“If It’s Not Working, Why Would They Be Testing It?”: mental models of HIV vaccine trials and preventive misconception among men who have sex with men in India
1 Centre for Sexuality and Health Research and Policy (C-SHaRP), 38 (Old No. 167), Ground Floor, Rangarajapuram Main Road, Kodambakkam, Chennai 600024, India
2 Factor-Inwentash Faculty of Social Work, University of Toronto, 246 Bloor Street West, Toronto, Ontario M5S 1V4 Canada
3 The Humsafar Trust, III floor, Manthan Plaza, Nehru Road, Vakola, Santacruz (East), Mumbai 400 055 India
BMC Public Health 2013, 13:731 doi:10.1186/1471-2458-13-731Published: 7 August 2013
Informed consent based on comprehension of potential risks and benefits is fundamental to the ethical conduct of clinical research. We explored mental models of candidate HIV vaccines and clinical trials that may impact on the feasibility and ethics of biomedical HIV prevention trials among men who have sex with men (MSM) in India.
A community-based research project was designed and implemented in partnership with community-based organizations serving MSM in Chennai and Mumbai. We conducted 12 focus groups (n = 68) with diverse MSM and 14 key informant interviews with MSM community leaders/service providers using a semi-structured interview guide to explore knowledge and beliefs about HIV vaccines and clinical trials. Focus groups (60–90 minutes) and interviews (45–60 minutes) were conducted in participants’ native language (Tamil in Chennai; Marathi or Hindi in Mumbai), audio-taped, transcribed and translated into English. We explored focus group and interview data using thematic analysis and a constant comparative method, with a focus on mental models of HIV vaccines and clinical trials.

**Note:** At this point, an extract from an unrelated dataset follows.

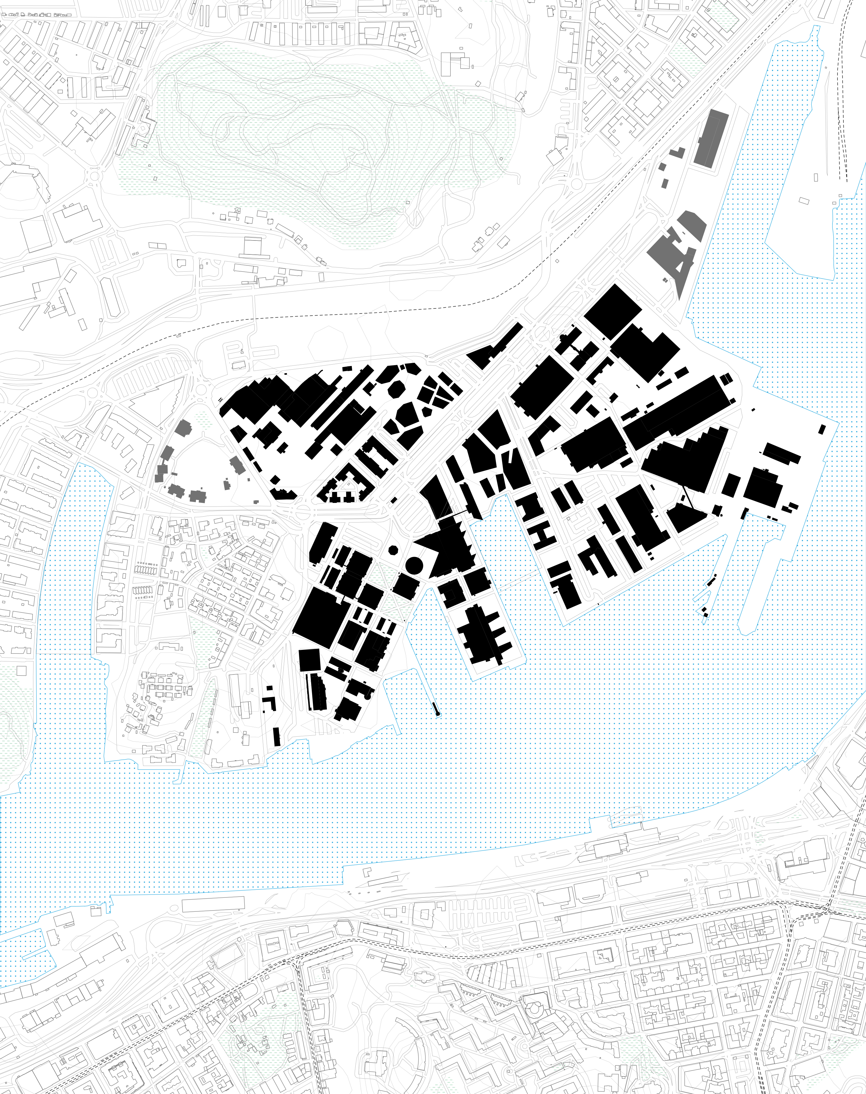 Situated north of the Göta river in Gothenburg, Sweden, Lindholmen is a waterfront district that amalgamates large corporations, educational institutions, and tech start-ups to foster an environment of interdisciplinary collaboration and knowledge production. Historically, Lindholmen evolved hand-in-hand with economic players—primarily Gothenburg’s shipbuilding industry whose use of the site for ships resulted in a fragmented palimpsest exacerbated by today’s science park— a tech hub that prioritizes vehicular access.

A mental model of HIV vaccine-induced seropositivity as “having HIV” resulted in fears of vaccine-induced infection and HIV stigma. Some participants feared inactivated vaccines might “drink blood” and “come alive”. Pervasive preventive misconception was based on a mental model of prevention trials as interventions, overestimation of likely efficacy of candidate vaccines and likelihood of being assigned to the experimental group, with expectations of protective benefits and decreased condom use. Widespread misunderstanding and lack of acceptance of placebo and random assignment supported perceptions of clinical trials as “cheating”. Key informants expressed concerns that volunteers from vulnerable Indian communities were being used as “experimental rats” to benefit high-income countries.
Evidence-informed interventions that engage with shared mental models among potential trial volunteers, along with policies and funding mechanisms that ensure local access to products that demonstrate efficacy in trials, may support the safe and ethical implementation of HIV vaccine trials in India.